Felicien Kabuga is one of the main sponsors and inspirers of the genocide To Rwanda in 1994.
Biography
During the hundred-day madness of the Tutsi genocide in Rwanda in the spring and summer of 1994, Felicien Kabuga led the government Free Teleradio Thousand Hills, the main coordinator and inspirer of Hutu extremists. Created in 1993, it became most famous as a "machete radio" - this media became the main tool for negative mobilization of Hutus against the Tutsi minority.
In addition to leading the initiative committee of the "radio machete," Kabuga was one of its main shareholders and seriously influenced editorial policy. He also financed paramilitary party structures engaged in the systematic extermination of Tutsis in close cooperation with the armed forces, special services and church leaders - it was thanks to Kabuga that more than 580 thousand machetes were brought to Rwanda, supplying up to a third of future killers.
The Pentagon and the legal service of the US State Department have repeatedly blocked international initiatives to jam, block and physically destroy the antennas of the Thousand Hills radio, citing a commitment to "freedom of speech" and international radio broadcasting agreements. Historian Ivan Krivushin in his famous book "One Hundred Days at the Mercy of Madness" writes that once it got to the point that at a regular interdepartmental meeting, a Pentagon spokesman objected irritably: "Radio does not kill people. People are being killed by people!. "
Without waiting for the agony of the extremist regime, Kabuga quickly left the country and went first to Switzerland, and then to Zaire (now DR Congo), until he settled in Kenya, where, thanks to good connections in the local establishment, including surrounded by President Daniel Arap Moi, he even opened a trading company.
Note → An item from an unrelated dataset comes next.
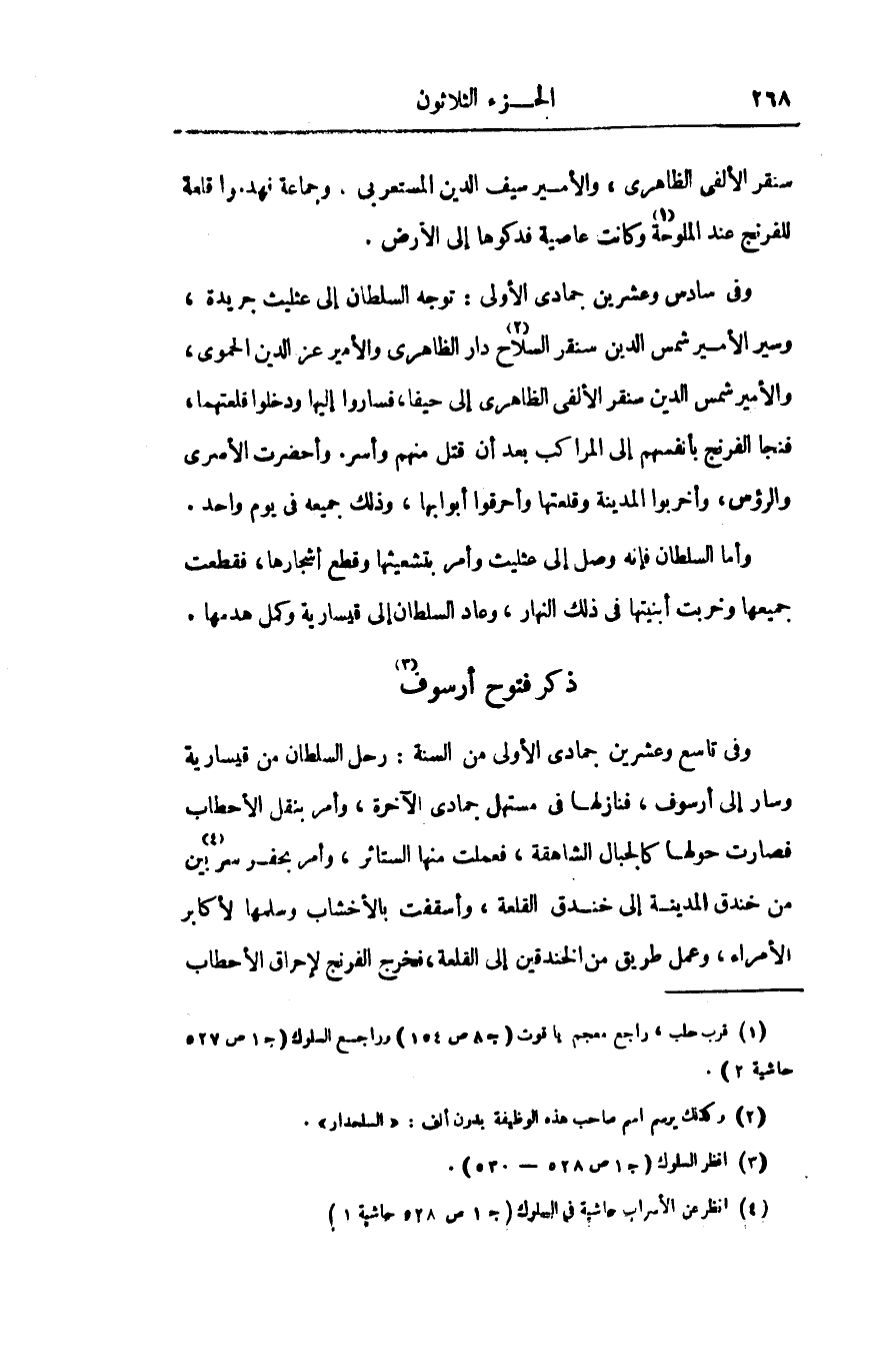 وفى تاسع وعشرين جمادى الأولى من السنة: رحل السلطان من قيسارية وسار إلى أرسوف، فنازلها فى مستهل جمادى الآخرة، وأمر بنقل الأحطاب فصارت حولها كالجبال الشاهقة، فعملت منها الستائر، وأمر بحفر سربين «4» من خندق المدينة الى خندق القلعة، وأسقفت بالأخشاب وسلمها لأكابر الأمراء، وعمل طريق من الخندقين إلى القلعة، فخرج الفرنج لإحراق الأحطاب

Kabuga was always one step ahead of the pursuers - for example, he eluded justice in July 1997 after receiving a warning letter from a Kenyan policeman. Kabuga later appeared in Southeast Asia, in 2000 he transited to Belgium.
In 2002, the US State Department and the FBI, in cooperation with the Kenyan special services, developed a new plan to capture the criminal, but Kabuga again fled, and the informant who surrendered him was killed. It is assumed that Kabuga hid in Kenya until at least 2010, and subsequently moved to France, where he lived under an assumed name in the suburb of Paris Anyers-sur-Seine.
In May 2020, 84-year-old Felicien Kabuga was detained in France. With his capture, only two key military criminals remain at large - ex-Minister of Defense Augustin Bizimana and battalion commander of the presidential guard Prote Mpiranya.